Exercise details: Please reproduce the entries below exactly from the line holding "为学习宣传贯彻党的二十大精神" through the last line, both included, and omit any pictures.

[Items listed in a dataset]
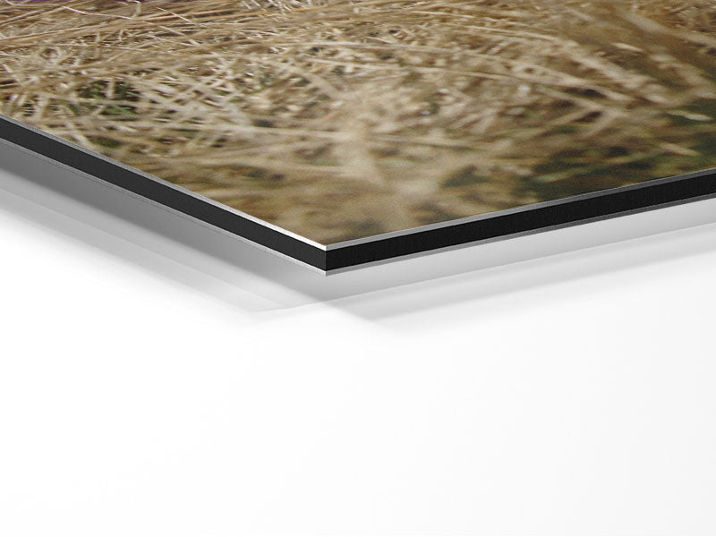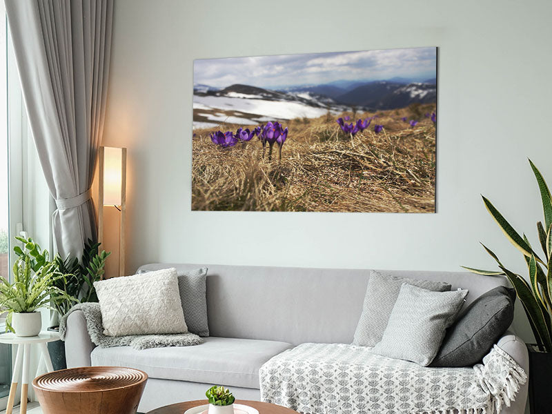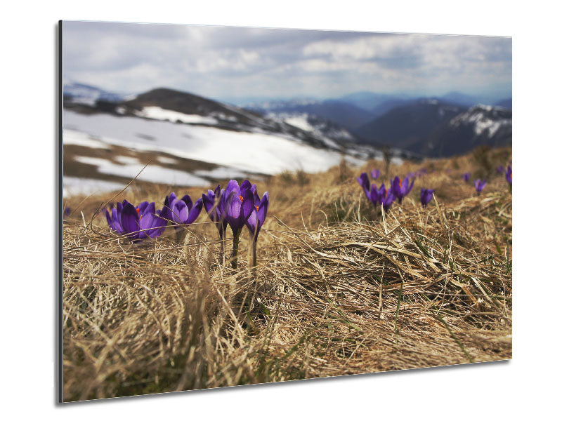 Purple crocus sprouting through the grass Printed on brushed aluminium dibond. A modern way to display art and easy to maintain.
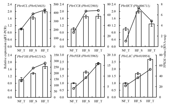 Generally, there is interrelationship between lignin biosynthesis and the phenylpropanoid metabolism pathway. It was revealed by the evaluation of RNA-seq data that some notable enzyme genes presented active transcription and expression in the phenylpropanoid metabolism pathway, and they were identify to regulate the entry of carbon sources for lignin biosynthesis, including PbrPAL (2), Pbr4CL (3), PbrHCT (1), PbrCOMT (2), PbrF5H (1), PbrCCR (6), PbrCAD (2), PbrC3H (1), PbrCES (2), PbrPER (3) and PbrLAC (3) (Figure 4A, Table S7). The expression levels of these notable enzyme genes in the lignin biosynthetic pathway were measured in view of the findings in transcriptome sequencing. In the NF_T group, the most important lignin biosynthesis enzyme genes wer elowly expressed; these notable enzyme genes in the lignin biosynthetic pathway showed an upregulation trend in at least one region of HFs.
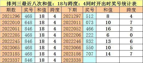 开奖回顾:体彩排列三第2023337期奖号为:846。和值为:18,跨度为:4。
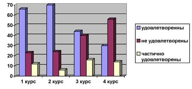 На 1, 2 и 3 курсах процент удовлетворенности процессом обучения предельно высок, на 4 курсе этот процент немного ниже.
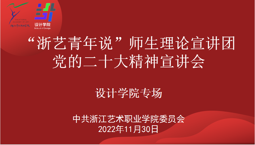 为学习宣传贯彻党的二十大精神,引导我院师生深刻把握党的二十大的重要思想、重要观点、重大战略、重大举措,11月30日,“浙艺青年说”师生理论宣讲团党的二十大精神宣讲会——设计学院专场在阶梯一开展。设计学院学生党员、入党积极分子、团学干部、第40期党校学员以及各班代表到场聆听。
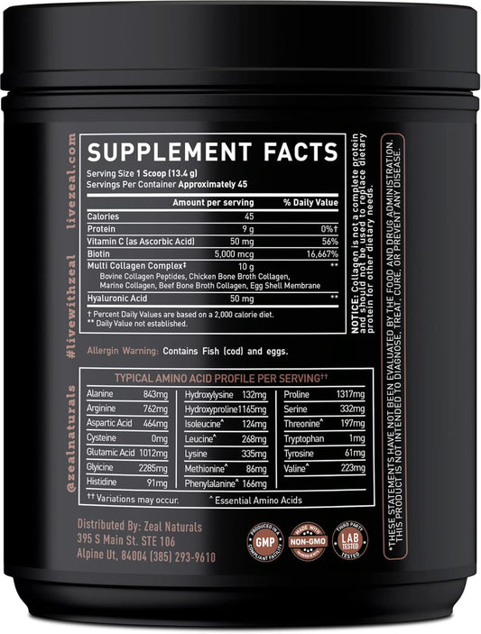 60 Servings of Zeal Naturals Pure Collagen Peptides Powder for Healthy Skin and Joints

Solution for this exercise:
 为学习宣传贯彻党的二十大精神,引导我院师生深刻把握党的二十大的重要思想、重要观点、重大战略、重大举措,11月30日,“浙艺青年说”师生理论宣讲团党的二十大精神宣讲会——设计学院专场在阶梯一开展。设计学院学生党员、入党积极分子、团学干部、第40期党校学员以及各班代表到场聆听。
 60 Servings of Zeal Naturals Pure Collagen Peptides Powder for Healthy Skin and Joints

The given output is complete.